La Revolución triunfante en 1959 fue el hecho cultural más importante en la Historia de Cuba, significó el colofón de cientos de años de lucha, la derrota de la contrarrevolución heredera del autonomismo, el anexionismo y el capitalismo dependiente.

Estamos en medio de una guerra de reconquista regida por adversarios que no se detienen ante nada, que usan la mentira desenfadadamente, la calumnia, el engaño. Es además una cruzada financiada y promovida desde el exterior.

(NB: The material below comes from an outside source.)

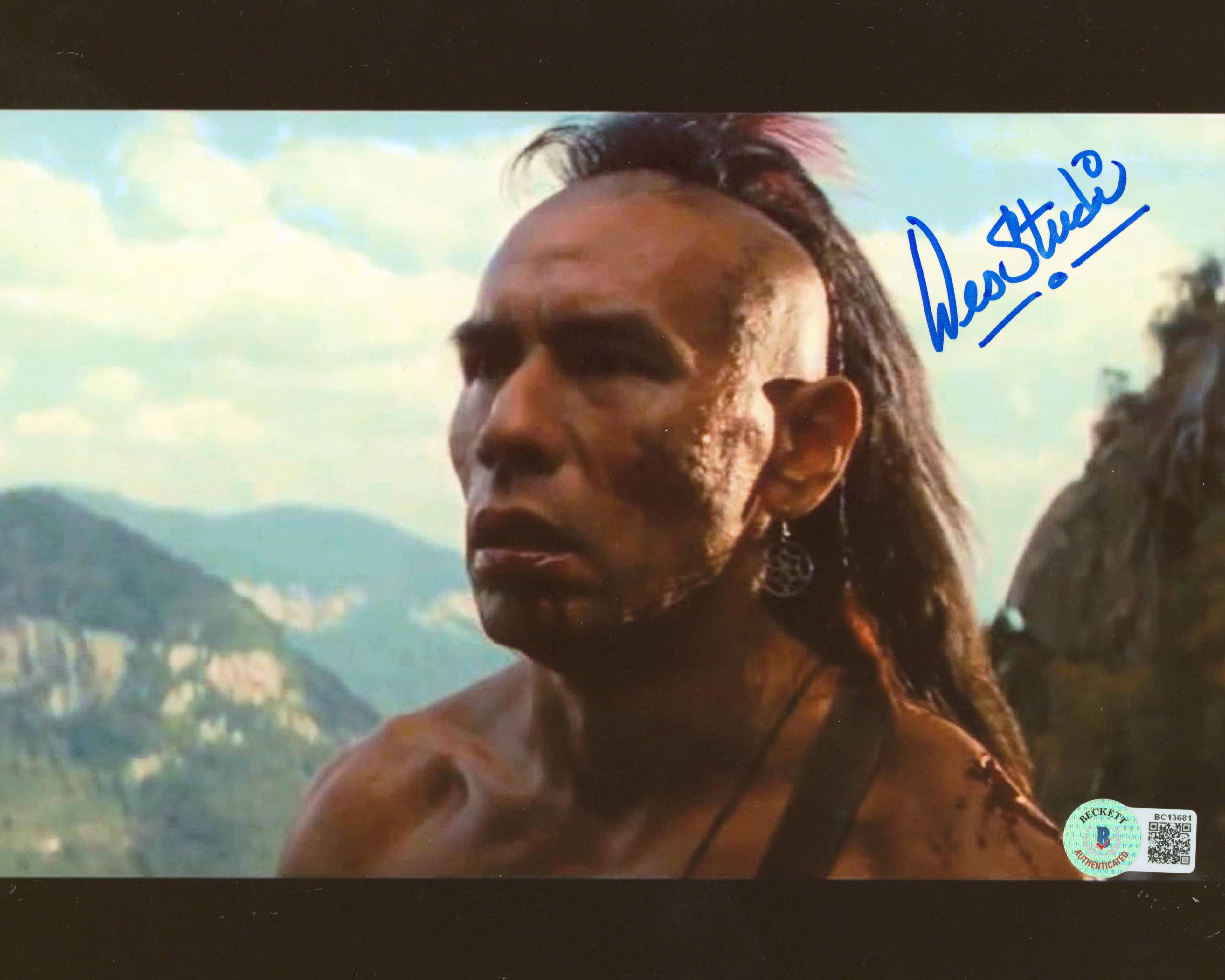 This Autographed 8x10 Photo has been Personally Signed by Wes Studi of The Last of the Mohicans. This item is 100% Authentic to include a Certificate of Authenticity (COA) / hologram by Beckett Authentication Services. The authenticity can be verified on Beckett Authentication Services website. The photo is pixelated, please refer to the high resolution scan for photos condition.

El objetivo de nuestros contendientes, no es confraternizar, ni buscar la verdad, los pro capitalistas disfrazan la intencionalidad subversiva de sus propuestas con terminologías de diálogo, de concertación, pero no nos llamemos a engaño ellos quieren el poder.

La cultura cubana, creadora desde su esencia, basada en la solidaridad, capaz de alumbrar individuos dotados de un altruismo y una entrega al prójimo inédita en el mundo de hoy, -ejemplos sobran-, tiene la capacidad suficiente para enfrentarse a la seudo cultura del gobierno global. Es disidente, a escala global como contra cultura que se enfrenta a la oficial dominante capitalista. Según el Dr. Enrique Ubieta “Un gobierno revolucionario es de hecho un gobierno disidente, aunque un gobierno revolucionario como poder pueda burocratizarse, producir valores opuestos a los que proclama o desea” ejemplo Europa del Este y el Socialismo Real, donde se olvidaron valores esenciales del socialismo y se lanzaron a la carrera del consumismo y el egoísmo. Cuba disiente como proceso Revolucionario, con sus valores que la caracterizan y diferencian.

El sistema capitalista hoy, en el punto bajo de su ciclo, se define por la banalización del arte, la agresividad, el conservadurismo de las costumbres y una filosofía de vida pesimista. La tentación del consumo es fuerte. El socialismo busca la satisfacción de las necesidades del hombre, incluidas por supuesto la materiales, pero la locura del consumismo conduce al egoísmo propio de la sociedad capitalista.

La cultura cubana es una cultura disidente que se enfrenta a brazo partido con la cultura oficial capitalista, es la cultura de la solidaridad, de la igualdad, del humanismo, de la tolerancia, de la defensa de la naturaleza, es una cultura que sitúa al hombre en el centro, contra la ruindad y el consumismo desenfrenado del sistema capitalista mundial.

Siempre que preservemos los valores que nos distinguen, la Cuba revolucionaria nacida de las luchas por la independencia y la soberanía nacional prevalecerá sobre la Cuba de los ricos y poderosos, la Cuba revolucionaria, mestiza, martiana, libre y soberana, prevalecerá sobre la Cuba de los congresistas cubano americanos, sumisa y dependiente que odia a la “turba mulata”, concepto de pueblo que no distingue a los cubanos por el lugar donde viven sino por el color de la piel, el dinero en el banco y la prosapia.